Que pensez-vous du niveau des Anglaises dans ce Tournoi ?

Elles ont une avance certaine sur toutes les nations. En termes de professionnalisation, d’infrastructures, en sélection et dans les clubs. Et ça se voit dans les scores de leurs matchs (victoires 48-0 contre l’Italie, 46-10 contre le Pays de Galles et 46-0 contre l’Ecosse). Mais ce qui compte, c’est le match que l’on jouera contre elles. Les Françaises connaissent parfaitement les Anglaises et inversement. Ce sera à nous de trouver les failles et de mettre en place notre jeu. Après, on a pas mal de choses à régler avant, il y a un match très important ce week-end.

"Je n’ai encore rien préparé. J’ai tellement la tête dans les combinaisons que je n’y ai pas encore pensé. Une première Marseillaise, ça prend aux tripes."

A quelle confrontation vous attendez-vous face aux Galloises ?

Ça va être très physique devant. Il va falloir être malignes pour les contourner. Mine de rien, c'est une équipe qui n’a rien à perdre, tout à gagner. Ce sont souvent les équipes les plus dangereuses et on sait qu'elles ont un pack de devant assez fort et puissant. Ça pourrait être un jeu plutôt pour les avants. A nous derrière de mettre notre jeu en place.

Vous allez signer votre première sélection avec le XV de France. Vous avez un petit rituel avant une première sélection ?

Non, je n’ai encore rien préparé. J’ai tellement la tête dans les combinaisons que je n’y ai pas encore pensé. Une première Marseillaise, ça prend aux tripes. Tu te dis “Bon l'hymne, on le connaît par cœur.” Mais quand tu te retrouves à le chanter côte à côte avec tes copines...

Vous avez commencé le rugby pendant vos études avant de jouer à Bobigny puis au Stade Français. Comment une fille née de deux athlètes lanceurs de marteau (Walter Ciofani et Jeanne Ngo Minyemeck) - sport que pratiquent aussi vos sœurs (Juliette et Audrey) à haut niveau – choisit de devenir rugbywoman ?

Ça a commencé à la fac. J'avais 17 ans, j’étais en STAPS et dans le tronc commun il y avait le rugby. Pendant deux ans, j’ai fait de l’athlétisme en club et du rugby en universitaire. Au bout d’un moment, ça n’était plus possible, il fallait faire un choix. Je pense que c’est l'ambiance du rugby, les filles que j'ai eu la chance de côtoyer quand j’ai essayé en club à Bobigny qui m’ont vraiment donné l'envie de tenter l'aventure. Et ce professeur qui m'a mis le pied à l'étrier et qui a été très insistant. Je le remercie encore aujourd'hui. Je me suis laissée prendre au jeu du rugby.
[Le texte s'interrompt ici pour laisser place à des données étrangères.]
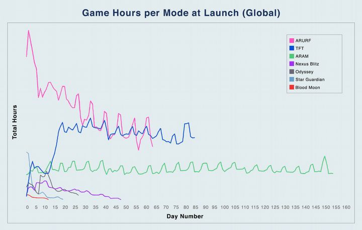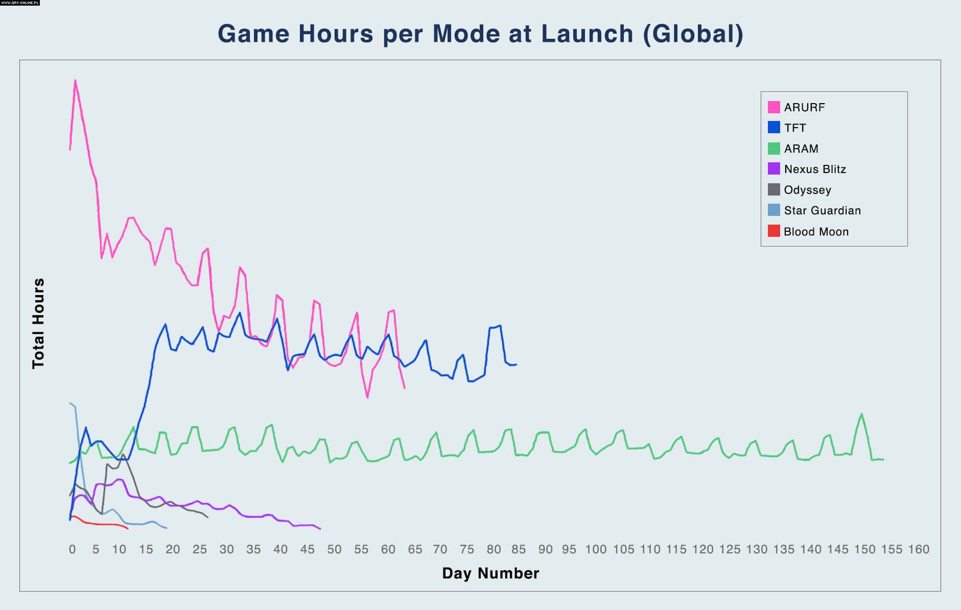 W dalszej części wpisu Riot Games przedstawia również, jak dużą popularnością cieszy się Teamfight Tactics. Każdego miesiąca w grze bawią się 33 miliony graczy, a liczba ta stale rośnie. Obecnie użytkowników League of Legends jest o 30% więcej niż przed premierą nowego trybu, a spora ich część pochodzi z Chin, gdzie całkowita ilość rozgranych godzin wzrosła o 35%. Na przedstawionym poniżej wykresie można również zobaczyć, ile czasu w grze spędzają gracze każdego dnia (dla porównania przedstawiono statystyki pozostałych trybów League of Legends).
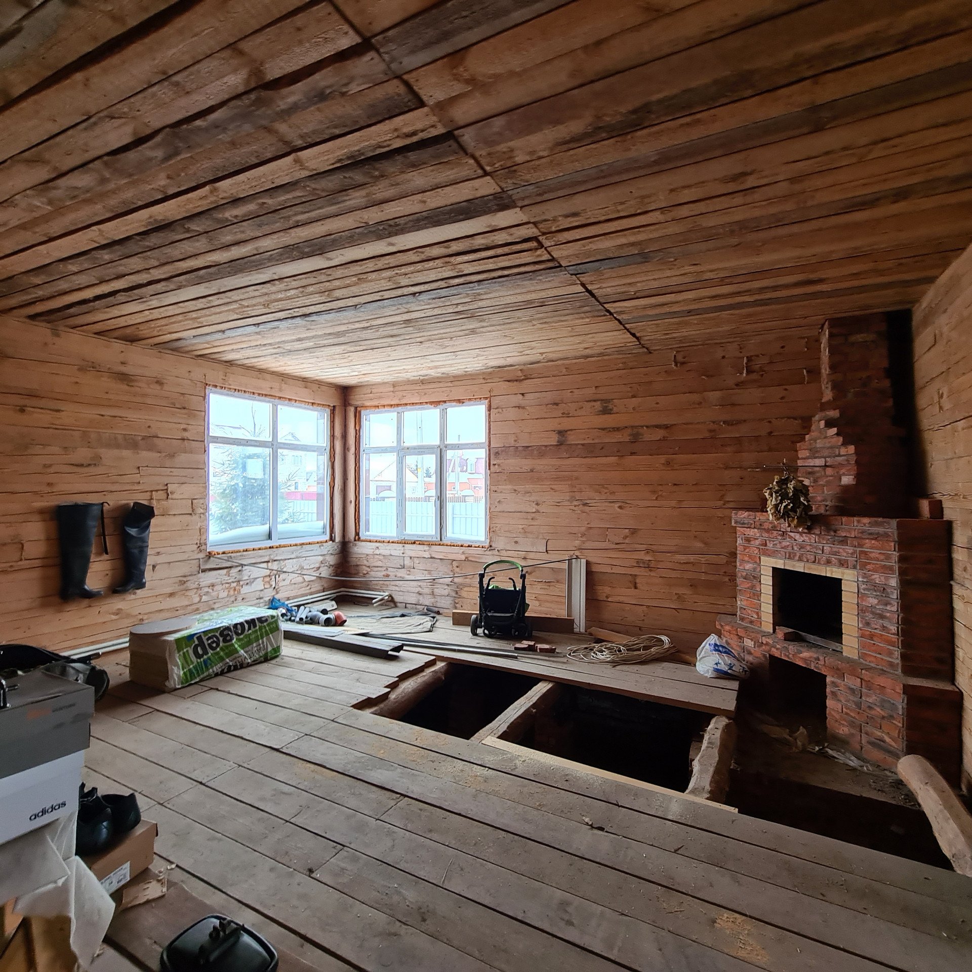 На участке два дома: один основной двухэтажный (осталось выполнить внутреннюю отделку), выложен камин,  газ заведён, котёл подключен, канализация и водопровод смонтированы.
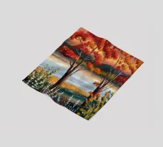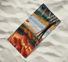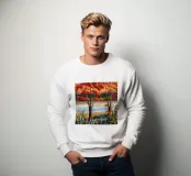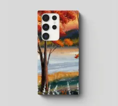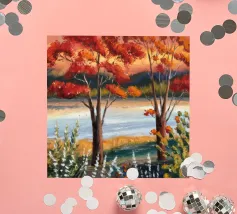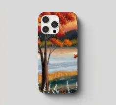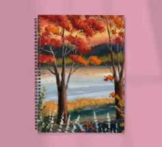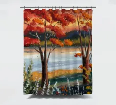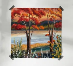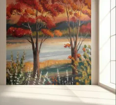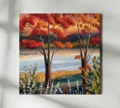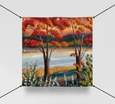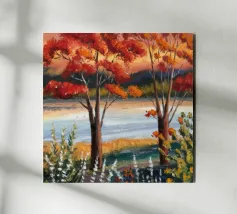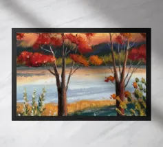 Alberi rosso fuoco risplendono lungo un fiume calmo, sotto un cielo morbido, esprimendo la trasformazione stagionale.
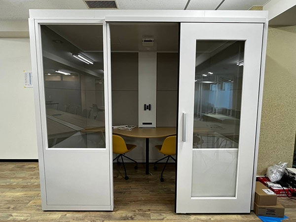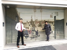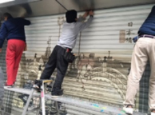 シャッターの下からイラストを一枚ずつ丁寧に貼り付けます。
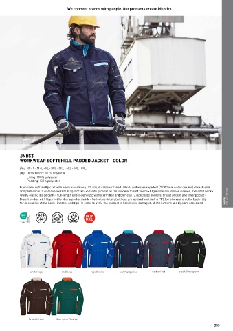 and permeable to water vapour (2,000 g/m²/24h) • Stand-up collar on the inside with soft fleece • Ergonomically shaped sleeves, extended back •

Ses valeurs, l'esprit familial, ça m'a pris tout simplement. Je n'ai pas resigné ma licence en athlé et feu pour le rugby.

Ça n’a pas été trop dur pour vos parents de vous voir lâcher l’athlétisme ?

Ça été un gros questionnement pendant quelques années. Ils se disaient que ce n’était pas du sérieux. C’était le début des contrats professionnel au rugby. Au début, je jouais pour le plaisir d’être avec les copines et le challenge d’apprendre un nouveau sport. Quand j’ai compris que l’on pouvait devenir professionnelles je me suis dit : “Tu as manqué d’être pro en athlé, tente le tout pour le tout au rugby !” Mon objectif de vie, c'était d’être athlète professionnelle. Si ce n’est pas possible en athlé, pourquoi pas au rugby ?

Votre famille vient voir jouer ?

Non, pas du tout ! D’abord, chacun a sa vie. Et puis on joue énormément à l'étranger. Mais ils me suivent beaucoup et ce sont mes premiers supporters, ça je le sais.